I’m just trying to remember other things in RAW that might lend themselves to the feel you’re going for. I know if you can’t staff all the unit spots in a fort, it becomes easier for enemies to assault it (unstaffed locations add to the number of units the assaulters get to fight with). In this way, a series of small forts could be staffed to capacity at strategic locations while forts deeper in secured territory would be understaffed (should a need arise), relying on the border forts to disrupt the supply chain of any armies attempting to march past them into the undefended/under defended inner forts.

Agreed that the incentives need to be balanced, but I think the vulnerability of a small outpost is likely to be sufficient to balance its improved effectiveness at securing territory. If you decide to use standard wooden buildings (1500gp each) as outposts, then, sure, you could control the equivalent of a hex by building 20 of them (30kgp total), but your garrison would be scattered and a passing giant could kick them over one by one while you’re still trying to gather your forces to provide an effective defense.

The unit staffing limits in D@W are completely meaningless on the scale we’re operating at. The smallest structure there can hold 1 unit - 120 infantry or 60 cavalry - while we’re dealing with a domain that can currently field nineteen men (48 if they call up all available militia) and is facing individual orc warbands (around 40 orcs average, including leaders), troll gangs (8 trolls maximum), etc. A single D@W unit is more troops than have been seen total, if you add up every battle that has taken place over the seventeen sessions we’ve played in ACKS.

(And that’s even without taking into account the players’ decision to build the stronghold as mainly just a wall (100 sections of palisade which, per D@W can garrison a unit each) encircling the site of their urban settlement, rather than a “castle”. If there were a hostile army of 12,000 men nearby, then, yeah, the whole army could attack at once and they’d be utterly screwed. But, then, if there were a single hostile unit of 120 men nearby, it would be just as bad for them.)
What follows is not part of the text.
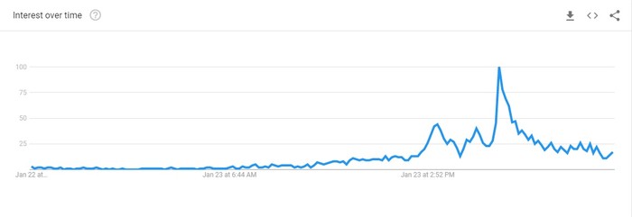Theo đồ thị cho thấy khi trận đấu giữa U23 Việt Nam và Qatar bắt đầu diễn ra thì mức độ tìm kiếm từ khóa “U23 Vietnam” trên toàn thế giới bắt đầu tăng nhẹ. Con số này cứ tăng dần đều cho đến khi trận đấu vừa kết thúc thì lượt tìm kiếm từ khóa “U23 Vietnam” tăng vọt bất ngờ thậm chí cao hơn gấp trăm lần so với buổi sáng.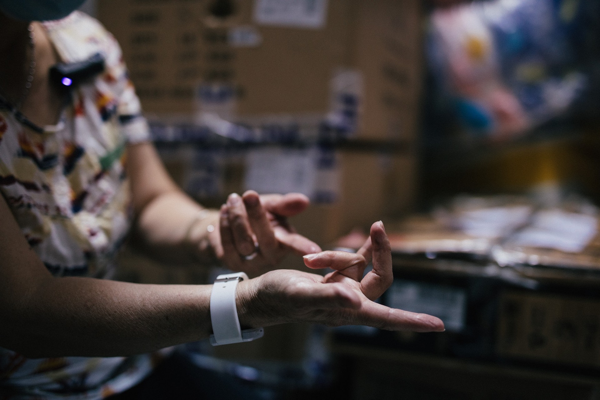 陳女士患上俗稱「彈弓手」的指屈肌腱鞘炎。(歐嘉樂攝)tvb now,tvbnow,bttvb/ H( h# T! m: |! h% y7 j3 n" T

I believe there are rules for shrinking the scale from 120/60/20 to 30/15/5, which is still too small for your case. Still, it would make small structures that hold 1 unit at the 120 scale relevant if they have 4 slots at the 30 scale.

You could even extrapolate from there, the next smallest being something like 12/6/2 or thereabouts. Assume that a building with half the GP value of a structure that can hold 120 would hold half a unit and so forth until you have a structure that can be garrisoned by 2-3 units at your scale, such that staffing it with only 1 unit would put it at risk of getting overwhelmed by a force that was only slightly larger.

Overall though it sounds like your goals are not going to be served by adapting the existing rules by “zooming in”, so you might consider breaking away from the ACKs domain framework.

For a while in my group, they had a pack of about 19 mercenaries, but ultimately they decided not to bother with them once it became possible to get higher level henchmen, and they never did anything approaching domain level play with them.

Given that we’re talking here about a domain which falls squarely within the “typical barony” figures from the D@W:C “Vassal Troops by Realm Size” table (p.18)[1], it seems like the ACKS domain framework should support a domain of that size.

The only assumption I can see in ACKS that we’re violating is that the domain is in a remote, isolated location (two weeks by ship to the nearest larger market) instead of being able to hire large quantities of manpower or purchase large quantities of equipment at will.

[1] We have 1 domain, 147 families (albeit with about 2/3 of those families in an urban settlement rather than the domain proper), 30kgp stronghold (just enough to secure one hex), and a 19-man garrison being paid ~250gp/month; the table lists 1 domain, 120-200 families, 320gp garrison, and a standing army of 12-20 men.